“Players must show respect or the game suffers real damage”After our article in ‘Soapbox Corner’ on the new ‘Respect’ programme being brought in to football so that there will be more respect for referees and fewer red cards as a result, we talked to Rob Blowes, a promising young referee who overcomes the fact that he has a hearing impediment and is already officiating in the Welsh League. Rob had spoken to us about managing his disability and his views on the game and gave us permission to use this revealing part of our discussion which shows how awful it can be if players do not show respect to refs.
“The match will probably stay in my mind for a long, long time. It was the first game I ever had to abandon and it is a game that my father Steve believes decked my confidence enough for me to lose out on promotion that year.
Both Pembroke and Newport were new teams within the Pembrokeshire League and I had very little knowledge of either team. I went in looking for what I thought would be a close but fair game. The alarm bells should have probably kicked off when a confrontation between me and the Pembroke players occurred early on in the dressing rooms as I noticed the keeper wore a shirt the same colour as Newport’s home kit, so I called out to him and was promptly ignored. Relying on the whistle to get his attention I was confronted with an overly aggressive attitude which, looking back with experience could have possibly been a cardable offence right there but, as this was only my second season, and still early within it, I simply did the naive thing and let it go.
The trouble was it set the tone for the rest of the game although Newport, to their credit, turned up to play a game of football. Pembroke, however, were effing and blinding from the outset, a difficult situation when I couldn't really tell what was being said and in what context. Needless to say, things were heated and I could feel the tension but having only some idea of what had been said couldn't really act or defuse it like most referees would by telling both teams to quiet down and get on with it, or by enforcing the red card on the language problem itself. (I was after all only aware of the verbal abuse going on AFTER the game or rather after one specific incident.)

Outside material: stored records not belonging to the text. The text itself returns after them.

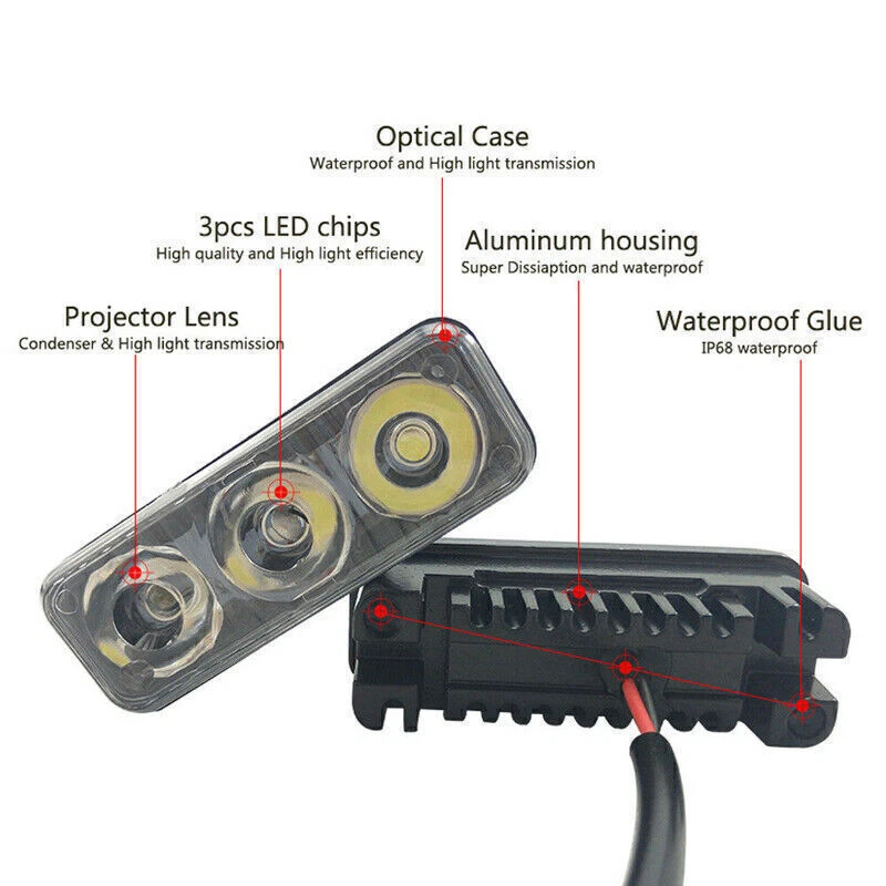 Product Description Features: 1. This listing features one pair ( 2 pieces) all new high power super xenon white 3 LED Daytime running light kits. This daytime running light kit come wiring harness and mounting bracket for an easier installation 2. The kind of mini 3-LED daytime running lamp small enough you can put for many Trucks, SUVs, 4x4 behind the grille either vertically or horizontally. 3. Simply mount these LED DRL lamps to the desired location, and wire them up to either the ACC 12V+ or any where 12V. 4. Daytime Running Lights improve safety while driving. They allow your vehicle to be seen at a much further distances. Greatly improves reaction time of oncoming vehicles 5. High power LED daytime running lights (DRL), Elaborate design, good structure, 100% waterproof, easy installation, energy saving. 6. Glass Lens for better lights transparency and good light picture, abrasion resistance. 7. Enhance lighting in rainy and foggy days to avoid traffic accident. 8. Each light with 3 SMD LEDs very strong and bright white light 9. Come with brackets and bolts for easy fitting; 10. Full aluminum housing for greatest cooling; 11. Optical designed to provide supreme photo-metric accuracy; 12. Universal fit all Cars SUV vans trucks boats with DC 12V; 13. Easy for installation. Quick universal mounting. Specifications: 1. Type oSMD LEDs 2. Colour White 3. Color temperature: 6000K ~ 7000K 4. Wattage per Piece: 9W (3W/LED) 5. Voltage: 12V 6. Material: Aluminum Housing + PC Lens 7. Waterproof, Dustproof, Weatherproof, Shock-resistant; 8. Easy for installation. Quick universal mounting. 9. 100% Brand New and tested before shipping Package Included: 2PCS LED Car Daytime Running Lights 1x Connecting Wire with built-in Fuse 2x Mounting Bracket About Us Payment Contact Us We are New Seller on ebay.We sell products with high quality and good service ,if you like our products,pls follow us and share to your friends ,we will update new products everyday. If you have any problem,pls feel free to contact us!Our worktime is 9AM-18PM.Thanks for your support in advance ! We greatly appreciate your postive feedback and 5-stars. Factory wholesale price,Buy more save more! We only accept PayPal. PayPal is the only online payment method we accept. Please make sure you have a valid/confirmed PayPal account prior bidding. Our working time is 9am-18pm. If you have any problem,pls feel free to contact us ,we will try our best to help you resolve it. If you satisfy with our service, your positive feedback will be appreciated. Your encouragement and support will always keep us forwards. Many thanks! About Us We are New Seller on ebay.We sell products with high quality and good service ,if you like our products,pls follow us and share to your friends ,we will update new products everyday. If you have any problem,pls feel free to contact us!Our worktime is 9AM-18PM.Thanks for your support in advance ! We greatly appreciate your postive feedback and 5-stars. Factory wholesale price,Buy more save more! Payment We only accept PayPal. PayPal is the only online payment method we accept. Please make sure you have a valid/confirmed PayPal account prior bidding. Contact Us Our working time is 9am-18pm. If you have any problem,pls feel free to contact us ,we will try our best to help you resolve it. If you satisfy with our service, your positive feedback will be appreciated. Your encouragement and support will always keep us forwards. Many thanks! powered by For Toyota Tacoma 2005-12 Armrest Release Handle Gray Center Console Lid Latch 8.99 USD 17.99 USD Free shipping 50% off Universal Car Gear Hand Shift Knob Cover Silicone+ Handbrake Non-Slip Protector 4.48 USD 4.98 USD Free shipping 10% off 50 Cal Bullet Aluminum Short Antenna Kit For Ford F150 Mustang Raptor F250 F350 9.99 USD 19.98 USD Free shipping 50% off RGB 48 LED Strip Under Car Tube Underglow Underbody System Neon Light Kit 28.99 USD 32.21 USD 5.0 USD 10% off BLACK Rear Console Cup Holder For 2005-2019 Nissan Frontier Xterra 96965-ZP00C 19.99 USD 39.97 USD Free shipping 50% off Center Console Armrest Latch For Dodge Ram 1500 2500 3500 2013-2018 5RQ83TX7AC 14.98 USD 16.65 USD Free shipping 10% off 16ft 5M U Shape Rubber Seal Car Door Edge Guard Molding Trim Protectors Strip 7.98 USD 8.87 USD Free shipping 10% off Fin Roof Car Antenna Carbon Fiber Shark Radio FM/AM Antena Cover Accessories US 8.58 USD 17.17 USD Free shipping 50% off Car RGB Halo Ring Angel Eye Headlight DRL Daytime Running Lamp Signal For 80mm 31.15 USD 36.65 USD Free shipping 15% off Side Mirror Sequential Blink Turn Signal Lights For VW MK5 Golf GTI R32 Rabbit 18.98 USD 37.96 USD Free shipping 50% off 2x 60cm Flexible Red Turn Signal DRL Daytime Running LED Strip Light Sequential 8.99 USD 11.1 USD Free shipping 19% off For VW Golf MK4 Jetta GTI R32 Smoke Dynamic Flowing LED Side Marker signal Light 10.99 USD 13.32 USD Free shipping 17% off For 03-12 Mercedes R230 SL500 SL55 AMG Trunk Third Brake Tail Stop Light Lamp 1x 29.98 USD 59.97 USD Free shipping 50% off For Honda Civic 2006-11 E Parking Hand Brake Handle Cover Trim 47115-SNA-A82ZA 9.99 USD 11.1 USD Free shipping 10% off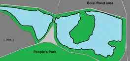 The two lakes are divided by a tree-lined walkway with a bridge at the north end. The north end of the bridge, where it meets the northern boundary, East Lake Road, is considered to be the north gate of People's Park. The eastern boundary of the lakes is Bo'ai South Road, the main northbound entry into the Bo'ai Road area.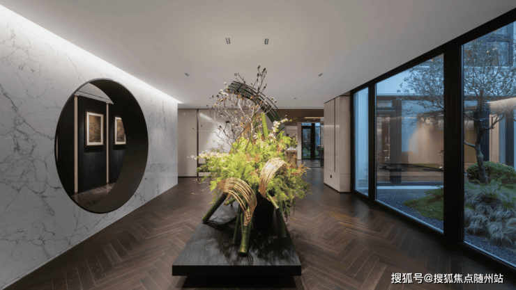景观融合:270°全景落地窗,将湖山景观引入室内,实现“离尘不离城”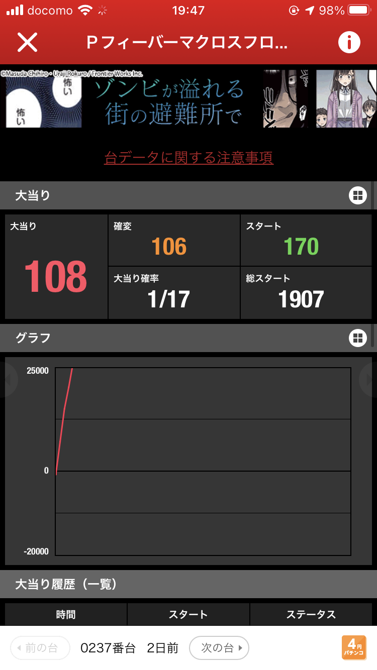 初打ちで、さくっと初当たり2回のそのうち一回突破したけどスルー

After a red card for a tackle early on by a Pembroke player, the second half kicked off and things settled down. I gave a penalty to Newport only to find that I had found the boiling point. Pembroke's keeper saved the shot and let hurl a full volley of angry words and marched towards the striker in such a way that it was confrontational. The striker stood his ground, but the rest of his team was clearly not going to stand for it and rushed in to give the guy a few boxing lessons.
All of a sudden almost all 22 players were punching, kicking and stamping in an obscene orgy of violence. There were some kung-fu flying kicks, studs up, aimed at the chest and face and even the substitutes and players sent off earlier in the game decided they'd join in.
At that point in time I gave up blowing on the whistle and gave out the red card to those who I could guarantee did something, (this surprisingly wasn't all 22 players since I couldn't possibly remember 22+ separate incidents in one massive brawl) and decided I was going to go home.
It didn't end there because a player from Pembroke claimed he was a qualified referee and stated that I had no right to abandon the game at that time since both teams had well over seven players each. Nor were the looks of disgust from certain players from both teams for my actions as we walked back to the dressing room of any help.
Here, after all, were twenty two grown men, most of them older than me, who had participated in a brawl and yet some still found it within themselves to look at me as if I was the man to pin the blame on.
Perhaps that wasn't intentional of them, I don't know. Regardless of that point, the effects of that game saw me refuse to referee a game without the guarantee of my father or a friend at the pitch with me. At every match, for a while, I was constantly glancing over with a thumbs up to them just to confirm that the verbal incitement wasn't occurring again. Obviously when I get a set of linesmen under me for matches I will be able to rely on them to fill in the holes of being deaf but until then... who knows how footballers out for a so-called ‘friendly’ match after a week’s work will react.
If they just got on with the game and let refs do their job to the best of their ability then there would be more people ready to take up the whistle – and far, far fewer red cards!